Making UN Declaration law shows Canada’s commitment to Indigenous people

Posted on June 23, 2021 in Equality Policy Context

Source: — Authors: – Opinion/Contributors

The Declaration was adopted by the U.N. General Assembly in 2007 as a direct result of the commitment and tenacity of Indigenous rights advocates from Canada and across the globe. It calls on UN member states to recognize, respect and protect Indigenous rights and address the wrongs of the past. Simply put, the declaration affirms the political, social economic, and sovereign rights of Indigenous peoples everywhere.

As a politician, lawyer and teacher in Canada over many years, I have been directly involved in discussions and negotiations to advance the interests of all Indigenous peoples and governments in Canada. My work has given me the chance to see first-hand the challenges, failures and successes of the last 50 years.

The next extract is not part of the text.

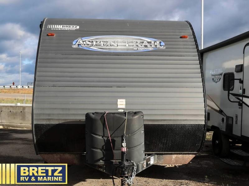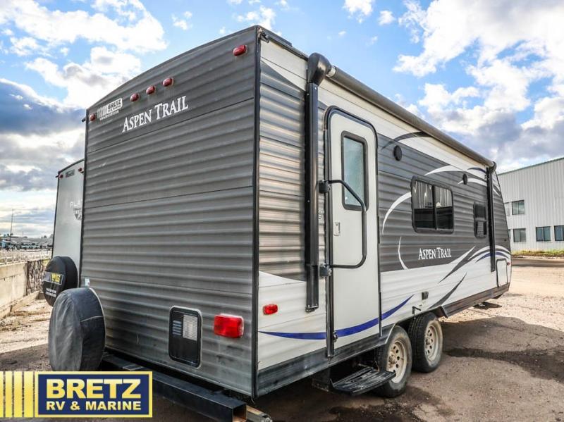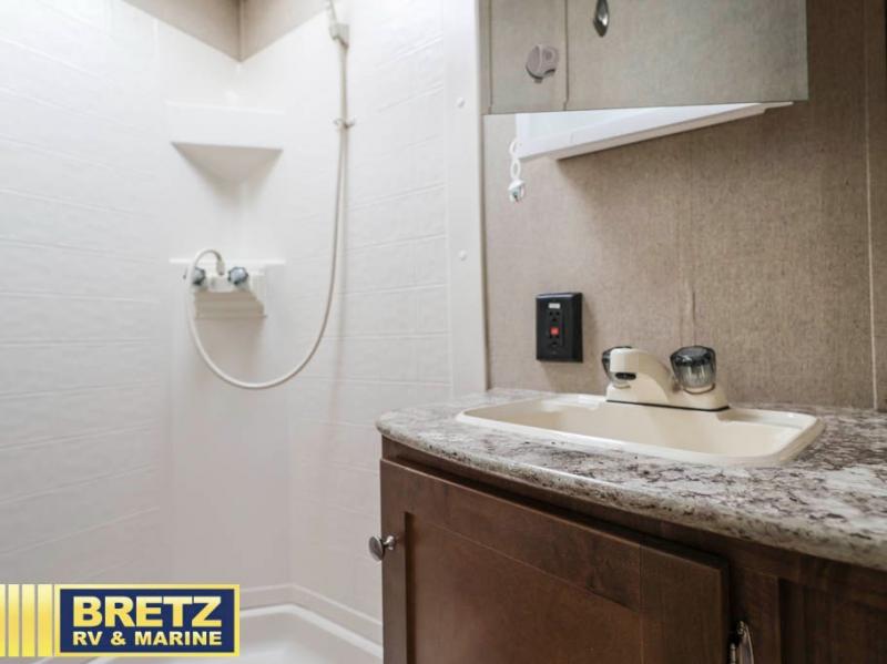 This Dutchmen RV Aspen Trail 1900RB travel trailer offers a rear corner full bathroom. It includes an angled shower with skylight, a corner vanity with sink and a toilet.

It is, above all, the courage, wisdom, and leadership of Indigenous peoples that stand out. “Listen, learn, and act” — these words stay with me. Canada’s ongoing lessons on the path of truth and reconciliation should only reinforce our commitments to human rights and the rule of law both at home and around the world.

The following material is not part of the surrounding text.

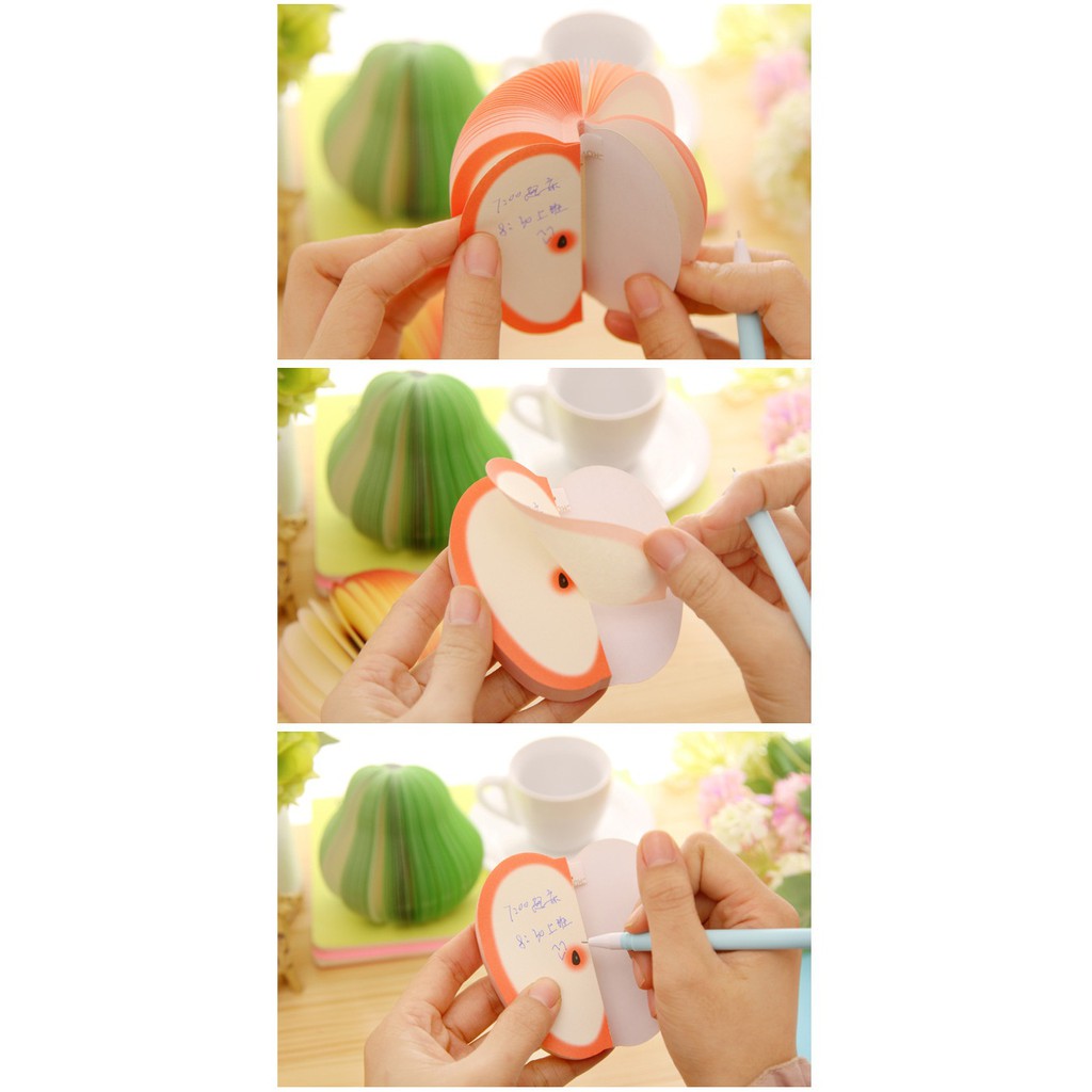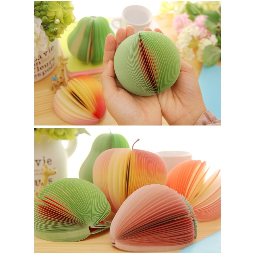 Thật độc đáo và sáng tạo khi bạn bung những cuộn giấy ghi chú ra những hình dạng trái lê,trái táo,dưa hấu,cam ... được phô bày một nét tinh tế và đầy nghệ thuật sáng tạo của trí óc.Sản phẩm thật tiện dụng bạn có thể dùng làm sổ ghi chú hoặc trang trí cho góc làm việc của mình đấy

Since Canada endorsed the declaration without qualification in 2016, First Nations, Inuit and Métis, together with the Government of Canada, have been guided by the spirit of the declaration. The adoption of laws to strengthen and revitalize Indigenous languages and to protect lands and traditions are examples of Canada’s commitment to implement the declaration.

Bill C-15, also known as the United Nations Declaration on the Rights of Indigenous Peoples Act, provides a way to advance and develop this collaboration, which must continue for generations to come.

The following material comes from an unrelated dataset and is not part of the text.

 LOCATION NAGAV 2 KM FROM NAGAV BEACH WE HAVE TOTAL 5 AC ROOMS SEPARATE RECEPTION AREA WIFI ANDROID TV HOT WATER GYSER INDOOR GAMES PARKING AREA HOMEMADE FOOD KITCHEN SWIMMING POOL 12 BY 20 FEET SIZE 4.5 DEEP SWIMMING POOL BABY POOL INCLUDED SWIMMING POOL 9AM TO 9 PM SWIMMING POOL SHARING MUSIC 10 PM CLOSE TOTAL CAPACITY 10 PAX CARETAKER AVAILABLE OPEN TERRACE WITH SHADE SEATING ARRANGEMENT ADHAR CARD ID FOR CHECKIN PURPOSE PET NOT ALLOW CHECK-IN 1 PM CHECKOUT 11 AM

This act is an important step forward on our journey toward reconciliation. But it is just that — a step. Urgent work lies ahead, including the undoing of centuries of harmful colonial policies and practices. The horrific discovery of unmarked graves of children at the former Kamloops Indian Residential School, and the reality that more graves will be found, is another reminder of that stark truth. Systemic racism and discrimination experienced by First Nations, Inuit and Métis continues today and must be confronted head-on.

Bill C-15 requires regular public reporting on progress and accountability measures developed in collaboration with Indigenous peoples. Importantly, the implementation of the declaration is in line with the findings of the Truth and Reconciliation Commission and the National Inquiry into Missing and Murdered Indigenous Women and Girls Calls for Justice.

Royal Assent of this act sends an important signal to all Canadians, as well as the international community, that we are committed to addressing historical injustices and ongoing wrongs, to upholding the rights of Indigenous peoples, and to building a better, more equitable future for all.

The world rightly expects Canada to uphold the international human rights standards affirmed in the declaration and in all the treaties, statutes and laws to which we are a party. We, too, expect no less of ourselves.

Bob Rae is Canada’s ambassador to the United Nations.